Companions in a mission of justice and reconciliation

20 March 2012

Justice & peace award for Cambodia Campaign to Ban Landmines

Categories: Social Justice

As the destruction caused by explosive remnants of war continues, so too does the Cambodia Campaign to Ban Landmines – but with the compassion that these merciless objects lack. On March 14, that compassion was acknowledged when the Campaign was awarded the 15th Tji Haksoon Justice and Peace Award 2012 for its dedication to the welfare and rights of landmine victims.   Cambodia is the fourth most mine-affected country in the world. 

Sr Denise Coghlan RSM, Director of the Cambodia Campaign and Director of Jesuit Refugee Service Cambodia, and Song Kosal, Youth Ambassador to the International Campaign to Ban Landmines, accepted the award (a beautiful medal, plaque and US$10 000) at a ceremony in Seoul. The award is named for the deceased Bishop Tji Haksoon, who offered his entire life for peace and justice in South Korea. 

“Experience of suffering can lead to depression or it can lead to creative action for justice,” stated Sr Denise in her acceptance speech. “The experience of suffering and misery caused by landmines led us to campaign for a ban on the production, use, export and stockpiling, to campaign that mines be cleared so land is released for agriculture, to campaign that the rights of people disabled by mines be upheld and their needs met.”

Sr Denise and Kosal together with the Chairman of the Tji Haksoon Foundation, Msgr Kim Byung-sang, took the opportunity to urge the South Korean government to stop the manufacture of cluster munitions in the country. 

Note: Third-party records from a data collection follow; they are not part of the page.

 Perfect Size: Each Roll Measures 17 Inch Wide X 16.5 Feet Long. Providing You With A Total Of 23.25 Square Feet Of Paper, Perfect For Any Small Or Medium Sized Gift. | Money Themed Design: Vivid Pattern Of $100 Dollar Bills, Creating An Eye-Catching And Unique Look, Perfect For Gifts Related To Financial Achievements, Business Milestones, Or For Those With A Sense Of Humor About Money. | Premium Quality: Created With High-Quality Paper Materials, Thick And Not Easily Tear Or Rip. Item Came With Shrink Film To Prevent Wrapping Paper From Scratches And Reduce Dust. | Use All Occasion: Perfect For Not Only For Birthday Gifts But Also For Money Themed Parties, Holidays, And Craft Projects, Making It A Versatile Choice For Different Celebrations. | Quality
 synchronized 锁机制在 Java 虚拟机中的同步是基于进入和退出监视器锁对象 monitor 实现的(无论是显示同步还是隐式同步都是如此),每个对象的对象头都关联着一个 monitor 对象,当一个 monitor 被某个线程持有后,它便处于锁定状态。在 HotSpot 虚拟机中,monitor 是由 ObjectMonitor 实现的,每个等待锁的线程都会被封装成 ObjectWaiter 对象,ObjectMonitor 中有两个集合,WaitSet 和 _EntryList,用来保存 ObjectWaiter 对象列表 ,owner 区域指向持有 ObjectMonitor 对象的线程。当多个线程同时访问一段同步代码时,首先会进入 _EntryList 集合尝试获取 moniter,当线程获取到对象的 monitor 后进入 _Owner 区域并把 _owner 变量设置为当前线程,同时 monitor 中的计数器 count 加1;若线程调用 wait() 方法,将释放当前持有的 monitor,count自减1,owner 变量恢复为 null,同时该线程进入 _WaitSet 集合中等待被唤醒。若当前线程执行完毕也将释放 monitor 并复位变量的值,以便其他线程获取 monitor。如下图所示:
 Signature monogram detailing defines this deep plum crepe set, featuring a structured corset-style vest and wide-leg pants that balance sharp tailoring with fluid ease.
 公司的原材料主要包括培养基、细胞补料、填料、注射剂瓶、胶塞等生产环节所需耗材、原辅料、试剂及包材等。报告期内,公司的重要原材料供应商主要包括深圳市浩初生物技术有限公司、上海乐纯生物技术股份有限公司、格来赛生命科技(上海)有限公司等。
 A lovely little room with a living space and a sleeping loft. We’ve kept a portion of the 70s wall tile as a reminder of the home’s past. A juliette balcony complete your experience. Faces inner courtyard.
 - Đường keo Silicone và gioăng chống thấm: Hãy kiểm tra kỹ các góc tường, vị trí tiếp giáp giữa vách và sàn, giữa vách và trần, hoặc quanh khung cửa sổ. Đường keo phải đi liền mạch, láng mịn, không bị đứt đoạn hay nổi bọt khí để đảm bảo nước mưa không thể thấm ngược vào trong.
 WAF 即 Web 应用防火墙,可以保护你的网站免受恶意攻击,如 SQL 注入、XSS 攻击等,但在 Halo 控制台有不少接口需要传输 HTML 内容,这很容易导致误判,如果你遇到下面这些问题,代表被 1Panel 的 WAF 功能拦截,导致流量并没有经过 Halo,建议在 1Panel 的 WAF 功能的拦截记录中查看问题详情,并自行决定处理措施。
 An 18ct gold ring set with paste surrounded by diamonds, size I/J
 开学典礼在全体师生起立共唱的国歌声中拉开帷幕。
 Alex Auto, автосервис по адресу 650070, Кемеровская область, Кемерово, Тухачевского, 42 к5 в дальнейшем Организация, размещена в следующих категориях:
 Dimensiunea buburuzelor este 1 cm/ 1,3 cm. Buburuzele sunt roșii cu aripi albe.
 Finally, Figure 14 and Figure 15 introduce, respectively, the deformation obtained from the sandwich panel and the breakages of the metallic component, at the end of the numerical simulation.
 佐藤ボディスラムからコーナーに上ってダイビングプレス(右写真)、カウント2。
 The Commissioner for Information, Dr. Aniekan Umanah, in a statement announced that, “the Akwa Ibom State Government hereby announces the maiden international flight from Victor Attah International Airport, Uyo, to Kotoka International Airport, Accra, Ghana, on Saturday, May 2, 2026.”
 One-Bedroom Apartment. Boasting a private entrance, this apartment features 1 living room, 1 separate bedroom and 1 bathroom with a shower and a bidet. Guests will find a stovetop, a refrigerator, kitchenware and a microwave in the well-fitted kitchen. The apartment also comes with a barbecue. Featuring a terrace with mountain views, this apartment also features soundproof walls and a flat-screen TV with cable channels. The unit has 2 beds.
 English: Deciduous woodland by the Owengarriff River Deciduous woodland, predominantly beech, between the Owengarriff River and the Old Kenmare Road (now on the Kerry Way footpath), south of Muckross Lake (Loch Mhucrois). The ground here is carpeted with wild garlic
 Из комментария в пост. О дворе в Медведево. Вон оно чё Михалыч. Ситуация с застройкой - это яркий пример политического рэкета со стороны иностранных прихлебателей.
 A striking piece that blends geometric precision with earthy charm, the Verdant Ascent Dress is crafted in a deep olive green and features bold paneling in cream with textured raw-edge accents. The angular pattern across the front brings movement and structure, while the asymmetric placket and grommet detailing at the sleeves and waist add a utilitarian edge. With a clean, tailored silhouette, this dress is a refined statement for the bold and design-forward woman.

South Korea has not signed the Landmine or Cluster Munitions Treaties and neither has North Korea.  Both argue that these are necessary for “defence” in their continuing conflict, and maintain a border littered with landmines. Protest in Korea 1

The four-day whirlwind visit to Seoul included protests, talks and ceremonies. They protested outside the Ministry of Foreign Affairs and Trade one day and entered the very same building and addressed the Foreign and Defence Ministries the next!

The Cambodia Campaign to Ban Landmines team has campaigned around the world since its inception in 1994. They have visited royal families, Emperors, governments and countless landmines survivors. One landmine survivor and campaigner went to the Pope to ask for his support. He agreed, as did many others. In 1997, after having finally achieved the Mine Ban Treaty, this same man rode his wheelchair onto the stage in Oslo and received the Nobel Peace Prize on behalf of the campaign.

“Cambodia has reduced the number of new victims dramatically but even one victim is too many,” said Kosal, who lost a leg after stepping on a mine in Battambang — the most heavily mined province in Cambodia — when she was five years old.  She told the audience of a tragic incident that occurred just two weeks earlier in northern Cambodia when 11 children were injured in their own classroom when a remnant of war a child found in the school playground exploded.  Kosal asked, “Dear people of South Korea, can we work together to build a world of justice and peace for all?” 

The award coincides with ‘Lend your Leg’, a global campaign launched on March 1 to put an end, within our lifetime, to the destruction caused by landmines. Around the world, people are standing in solidarity by stepping forward to “Lend a Leg for a mine free world”, with the simple gesture of rolling up their trouser leg. 

Launched on the 13th anniversary of the adoption of the International Mine Ban Treaty, the “Lend your Leg” campaign is a month-long call to action for civil society, governments and partners to work diligently together to make a mine-free world a reality.

Rolling up in Korea

Juan Pablo, Director of the Colombian Campaign to Ban Landmines and creator of the “Lend your Leg” campaign explains, “Through Lend Your Leg we want to wake the world up and see that by taking part in this simple action and by saying NO MORE to this injustice we truly can put an end to these weapons for good.”  The campaign ends on International Mines Awareness Day on April 4.

The “Lend your Leg” campaign began early in Cambodia when Japan donated de-mining materials worth US$16 million to the Cambodian government on February 16.  At the ceremony, Sr Denise “rolled up” alongside Deputy Prime Minister Sok An and the Japanese Ambassador to Cambodia.

The action continued at the National Mines Awareness Day event held in mine-affected area Samlout, Battambang on February 24, when Kosal, with the help of the Arrupe dancers, asked everyone to “Lend a Leg”.  From high-ranking government officials to young school children, de-miners to NGO workers, everyone rolled up their trouser leg and said, “enough is enough”.

“We want everyone to step forward and Lend their Leg for more rapid mine and cluster bomb clearance, improvement of the lives of survivors and for the Cambodian government to sign the Treaty to ban cluster munitions,” said Sr Denise.

Never missing a campaigning opportunity, Sr Denise and Kosal had the audience at the Tji Haksoon award ceremony “roll up” in solidarity with landmine survivors from around the world.